Aim of the exercise: Your task is to transcribe, without alteration, the lines from the top of the material below through the line bearing "flat paint brush", inclusive.
============================================================
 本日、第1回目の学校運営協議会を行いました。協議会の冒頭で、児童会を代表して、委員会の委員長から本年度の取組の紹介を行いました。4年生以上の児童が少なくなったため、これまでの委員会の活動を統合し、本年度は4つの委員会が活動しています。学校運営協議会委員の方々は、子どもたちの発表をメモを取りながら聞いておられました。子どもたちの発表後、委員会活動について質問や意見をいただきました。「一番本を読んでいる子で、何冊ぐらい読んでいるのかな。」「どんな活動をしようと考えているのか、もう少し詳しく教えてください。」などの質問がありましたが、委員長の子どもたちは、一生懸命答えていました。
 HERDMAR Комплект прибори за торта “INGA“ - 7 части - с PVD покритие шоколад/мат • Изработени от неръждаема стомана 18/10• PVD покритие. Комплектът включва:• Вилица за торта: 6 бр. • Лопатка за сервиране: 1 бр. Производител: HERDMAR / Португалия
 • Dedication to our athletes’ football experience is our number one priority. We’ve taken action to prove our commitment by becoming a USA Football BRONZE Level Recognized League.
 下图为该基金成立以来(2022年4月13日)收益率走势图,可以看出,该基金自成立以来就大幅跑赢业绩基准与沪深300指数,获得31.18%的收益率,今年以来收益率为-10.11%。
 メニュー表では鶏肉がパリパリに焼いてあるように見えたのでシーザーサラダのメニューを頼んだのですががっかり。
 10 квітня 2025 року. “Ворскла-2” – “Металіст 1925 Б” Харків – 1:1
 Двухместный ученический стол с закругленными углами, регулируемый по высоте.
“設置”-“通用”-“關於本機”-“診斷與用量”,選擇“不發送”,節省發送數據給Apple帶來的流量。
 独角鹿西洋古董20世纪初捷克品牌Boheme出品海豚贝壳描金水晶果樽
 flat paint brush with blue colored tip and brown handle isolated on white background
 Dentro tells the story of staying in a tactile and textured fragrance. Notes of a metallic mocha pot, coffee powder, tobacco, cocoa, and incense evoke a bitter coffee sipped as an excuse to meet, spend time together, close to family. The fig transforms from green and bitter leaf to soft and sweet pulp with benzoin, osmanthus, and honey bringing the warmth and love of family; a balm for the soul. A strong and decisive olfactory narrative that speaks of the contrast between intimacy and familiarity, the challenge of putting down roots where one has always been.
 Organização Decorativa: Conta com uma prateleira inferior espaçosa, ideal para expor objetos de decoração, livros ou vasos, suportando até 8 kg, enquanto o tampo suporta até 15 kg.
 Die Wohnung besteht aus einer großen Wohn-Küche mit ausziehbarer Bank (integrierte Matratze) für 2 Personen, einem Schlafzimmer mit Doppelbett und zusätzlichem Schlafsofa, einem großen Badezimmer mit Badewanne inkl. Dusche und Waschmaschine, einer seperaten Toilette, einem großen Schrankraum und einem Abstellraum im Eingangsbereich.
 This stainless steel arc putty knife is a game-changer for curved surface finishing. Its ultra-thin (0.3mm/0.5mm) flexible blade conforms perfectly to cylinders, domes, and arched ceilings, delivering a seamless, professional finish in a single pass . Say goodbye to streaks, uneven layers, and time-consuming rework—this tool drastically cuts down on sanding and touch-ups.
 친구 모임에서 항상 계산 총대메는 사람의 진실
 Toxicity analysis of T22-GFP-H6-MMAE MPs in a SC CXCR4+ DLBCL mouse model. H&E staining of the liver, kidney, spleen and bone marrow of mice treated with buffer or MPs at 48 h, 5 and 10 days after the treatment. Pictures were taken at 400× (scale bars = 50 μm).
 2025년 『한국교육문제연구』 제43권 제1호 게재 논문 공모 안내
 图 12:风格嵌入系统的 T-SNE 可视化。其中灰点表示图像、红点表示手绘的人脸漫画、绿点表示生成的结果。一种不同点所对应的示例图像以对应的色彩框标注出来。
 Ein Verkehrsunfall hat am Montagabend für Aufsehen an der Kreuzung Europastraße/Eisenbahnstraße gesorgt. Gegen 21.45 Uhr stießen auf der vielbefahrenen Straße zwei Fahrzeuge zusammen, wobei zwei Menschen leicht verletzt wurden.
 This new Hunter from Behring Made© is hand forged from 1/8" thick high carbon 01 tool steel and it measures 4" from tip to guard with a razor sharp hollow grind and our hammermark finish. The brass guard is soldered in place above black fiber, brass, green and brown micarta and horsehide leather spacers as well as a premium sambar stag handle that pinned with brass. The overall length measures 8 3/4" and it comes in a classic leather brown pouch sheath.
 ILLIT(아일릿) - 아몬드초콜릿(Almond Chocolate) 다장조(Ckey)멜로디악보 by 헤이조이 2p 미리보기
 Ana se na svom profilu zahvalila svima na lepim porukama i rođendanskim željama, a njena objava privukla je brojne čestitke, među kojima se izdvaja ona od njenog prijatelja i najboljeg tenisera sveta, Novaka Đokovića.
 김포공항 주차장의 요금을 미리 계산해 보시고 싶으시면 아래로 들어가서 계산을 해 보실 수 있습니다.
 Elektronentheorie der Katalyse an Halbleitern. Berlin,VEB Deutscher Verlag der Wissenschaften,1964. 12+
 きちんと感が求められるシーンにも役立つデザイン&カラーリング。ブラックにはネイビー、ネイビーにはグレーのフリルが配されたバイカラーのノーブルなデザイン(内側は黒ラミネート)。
============================================================
The answer:
 本日、第1回目の学校運営協議会を行いました。協議会の冒頭で、児童会を代表して、委員会の委員長から本年度の取組の紹介を行いました。4年生以上の児童が少なくなったため、これまでの委員会の活動を統合し、本年度は4つの委員会が活動しています。学校運営協議会委員の方々は、子どもたちの発表をメモを取りながら聞いておられました。子どもたちの発表後、委員会活動について質問や意見をいただきました。「一番本を読んでいる子で、何冊ぐらい読んでいるのかな。」「どんな活動をしようと考えているのか、もう少し詳しく教えてください。」などの質問がありましたが、委員長の子どもたちは、一生懸命答えていました。
 HERDMAR Комплект прибори за торта “INGA“ - 7 части - с PVD покритие шоколад/мат • Изработени от неръждаема стомана 18/10• PVD покритие. Комплектът включва:• Вилица за торта: 6 бр. • Лопатка за сервиране: 1 бр. Производител: HERDMAR / Португалия
 • Dedication to our athletes’ football experience is our number one priority. We’ve taken action to prove our commitment by becoming a USA Football BRONZE Level Recognized League.
 下图为该基金成立以来(2022年4月13日)收益率走势图,可以看出,该基金自成立以来就大幅跑赢业绩基准与沪深300指数,获得31.18%的收益率,今年以来收益率为-10.11%。
 メニュー表では鶏肉がパリパリに焼いてあるように見えたのでシーザーサラダのメニューを頼んだのですががっかり。
 10 квітня 2025 року. “Ворскла-2” – “Металіст 1925 Б” Харків – 1:1
 Двухместный ученический стол с закругленными углами, регулируемый по высоте.
“設置”-“通用”-“關於本機”-“診斷與用量”,選擇“不發送”,節省發送數據給Apple帶來的流量。
 独角鹿西洋古董20世纪初捷克品牌Boheme出品海豚贝壳描金水晶果樽
 flat paint brush with blue colored tip and brown handle isolated on white background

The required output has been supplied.